Is there any way that we can change the string caseid to numeric? it was important var for our analysis but we failed to change it?

please hepl us
Re: duplicate caseid [message #24399 is a reply to message #24397] Tue, 10 May 2022 10:13 Go to previous messageGo to next message
Janet-DHS is currently offline  Janet-DHS
Messages: 891
Registered: April 2022
Senior Member
Following is response from DHS Research & Data Analysis Director, Tom Pullum:

If you are referring back to an earlier posting on the forum, please identify the message and the survey. The ID codes caseid and hhid are strings constructed from v001, v002, and v003 (or similar variables in other files. Those variables are numeric, not strings. You can almost always do what you need to do with the numeric variables, not using caseid or hhid.
Re: duplicate caseid [message #24406 is a reply to message #24399] Tue, 10 May 2022 13:18 Go to previous messageGo to next message
adis is currently offline  adis
Messages: 20
Registered: May 2022
Member
Thank you Janet again,

I was trying to use the caseid for my analysis but the var is string...I was looking for a var that could replace caseid

What do you suggest me? I tried to create ID but that also didnt work.

What do you suggest me?

The second issue was there are repeated caseid's and how do we overcome the duplicate caseid? shall we drop those duplicate caseid's? that will affect the sample size ? what do you suggest me?
Re: duplicate caseid [message #24424 is a reply to message #24397] Fri, 13 May 2022 10:59 Go to previous messageGo to next message
Janet-DHS is currently offline  Janet-DHS
Messages: 891
Registered: April 2022
Senior Member
Following is response from DHS Research & Data Analysis Director, Tom Pullum:

What survey and what file are you using? In the KR file, for example, there is a record for every child born in the past five years. caseid is the mother's ID code. Because many women had more than one child in the past five years, there will be several records with the same value of caseid, but children of the same mother will have different values of bidx (1, 2, etc.). In the IR file, there should never be a repeat of the same caseid, although very rarely we will find a duplicate. To check for duplicates in the IR file, in Stata, enter "gen ncases=1", then "collapse (sum) ncases, by(caseid)", then "tab ncases" and "list if ncases>1, table clean".
Re: duplicate caseid [message #24469 is a reply to message #24424] Thu, 19 May 2022 09:13 Go to previous messageGo to next message
adis is currently offline  adis
Messages: 20
Registered: May 2022
Member
Thank you so much Janet for all the response you made so far,

I am using the KR file and have the following two questions

First Question

I just want to know how to destring the caseid which is very important variable in my analysis. I just tried the formal ways of de string command but failed to do that.

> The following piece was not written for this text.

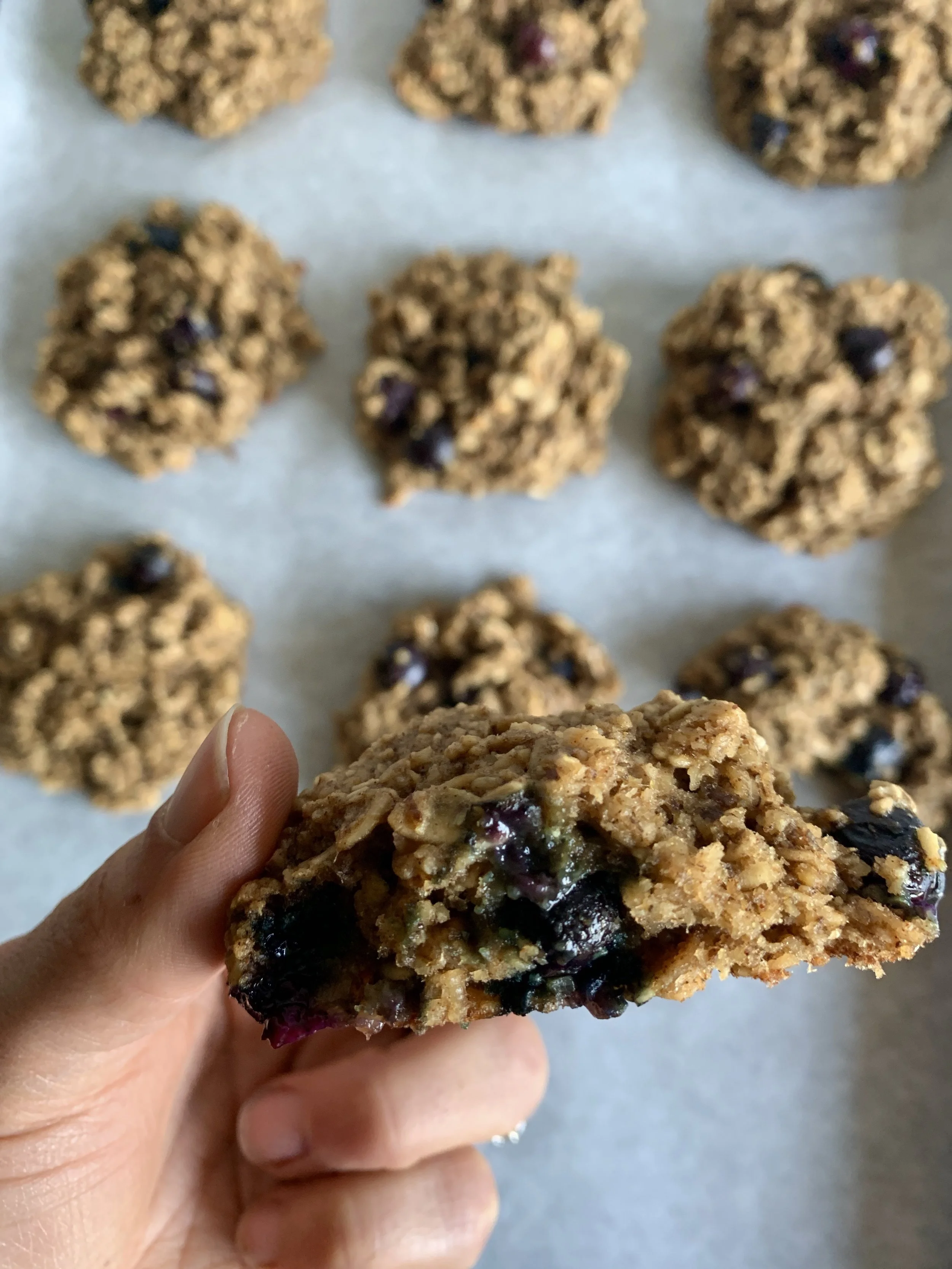 Just popping in a for a quick, sweet snack that’s definitely more summer inspired even though the calendar says it’s Fall [still 80 degrees in Nashville]! Also, I thought it was time to admit that I’m definitely that person who’s always searching for something sweet to snack on soon after [both] lunch and dinner. Although a piece of fruit might do the trick sometimes, in most cases I want something hearty that’s in the shape of a cookie or a muffin — anyone with me?! And these Vanilla Blueberry Banana Cookies did the trick. Plus, combining food groups, like I did with these healthier cookies, instead of munching on a single food can have a beneficial impact on satiety.

This was the stata output for the command

destring caseid, gen(Ind_ID)

caseid: contains nonnumeric characters; no generate[/color]


second question

Excluding the non immunized children from the analysis (stata command)

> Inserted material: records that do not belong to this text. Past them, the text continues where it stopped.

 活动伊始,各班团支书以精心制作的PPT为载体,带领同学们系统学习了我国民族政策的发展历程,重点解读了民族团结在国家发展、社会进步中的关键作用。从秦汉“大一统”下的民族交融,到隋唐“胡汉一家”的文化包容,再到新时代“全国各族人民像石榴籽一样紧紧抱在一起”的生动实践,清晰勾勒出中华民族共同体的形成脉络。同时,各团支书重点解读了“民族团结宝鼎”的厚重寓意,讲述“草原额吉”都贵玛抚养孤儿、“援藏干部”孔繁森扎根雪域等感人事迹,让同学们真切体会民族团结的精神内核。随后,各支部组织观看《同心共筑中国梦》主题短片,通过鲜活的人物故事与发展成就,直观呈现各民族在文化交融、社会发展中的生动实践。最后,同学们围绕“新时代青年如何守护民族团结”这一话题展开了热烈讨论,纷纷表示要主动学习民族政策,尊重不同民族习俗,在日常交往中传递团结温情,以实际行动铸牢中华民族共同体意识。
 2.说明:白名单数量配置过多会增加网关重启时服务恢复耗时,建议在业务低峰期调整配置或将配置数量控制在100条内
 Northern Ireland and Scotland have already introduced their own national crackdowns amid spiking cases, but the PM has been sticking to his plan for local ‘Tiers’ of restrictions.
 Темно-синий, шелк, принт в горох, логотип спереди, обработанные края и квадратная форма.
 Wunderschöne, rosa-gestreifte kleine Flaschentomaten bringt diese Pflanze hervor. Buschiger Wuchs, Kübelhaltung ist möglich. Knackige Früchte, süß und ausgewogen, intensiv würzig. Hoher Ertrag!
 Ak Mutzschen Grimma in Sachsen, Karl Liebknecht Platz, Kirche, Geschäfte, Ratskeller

I appreciate swift responses
Thank you
Re: duplicate caseid [message #24480 is a reply to message #24397] Fri, 20 May 2022 15:45 Go to previous messageGo to next message
Janet-DHS is currently offline  Janet-DHS
Messages: 891
Registered: April 2022
Senior Member
Following is response from DHS Research & Data Analysis Director, Tom Pullum:

I have to tell you that a comment such as "I appreciate swift responses" will not accelerate our response to a forum question.

You are looking for a way to extract the different columns of caseid (or hhid) and convert them from strings to numeric. The response to a recent forum question (#24358) describes how to do this. "destring caseid, gen(Ind_ID)" will not work because embedded blanks should not be interpreted as zeroes.

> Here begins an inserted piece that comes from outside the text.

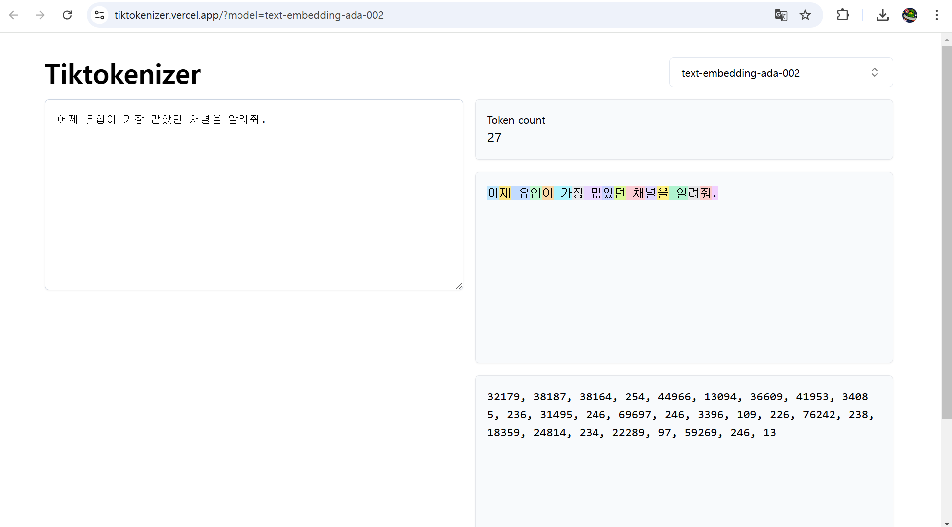 토큰계산기 웹사이트 : https://tiktokenizer.vercel.app/?model=text-embedding-ada-002 단, 토크나이저는 CLOVA Studio에서 제공되고 있는 Text-Embedding 모델들 중 임베딩 v2에서만 제공되고 있습니다. 임베딩 v2와 임베딩 v1은 가격 면에서 조금 차이가 있으며 임베딩 v2는 1 토큰당 0.0002원, 임베딩 v1은 1 토큰당 0.0001원으로 계산됩니다.

Usually, caseid just combines v001 and v002 and v003, and hhid combines hv001 and hv002. You can identify cases just as easily with those components, which are numeric, as with caseid or hhid.

The usual variables in the KR file for having received the basic vaccines are h0, h2, h3, h4, h5, h6, h7, h8, h9, h9a (you should check your survey). These variables are coded 0 if the child did not receive a specific vaccine. You could do something like "drop if (h0+h2+h3+h4+h5+h6+h7+h8+h9a+h9b)==0". I recommend caution with dropping cases from the file. An alternative would be "gen condition=0" and "replace condition=1 if (h0+h2+h3+h4+h5+h6+h7+h8+h9a+h9b)==0". Then you can exclude those cases from a specific command with something like "tab A B if condition==0"
Re: duplicate caseid [message #24481 is a reply to message #24480] Fri, 20 May 2022 16:45 Go to previous message
adis is currently offline  adis
Messages: 20
Registered: May 2022
Member
Thank you so much Janet; now it seems fine for us.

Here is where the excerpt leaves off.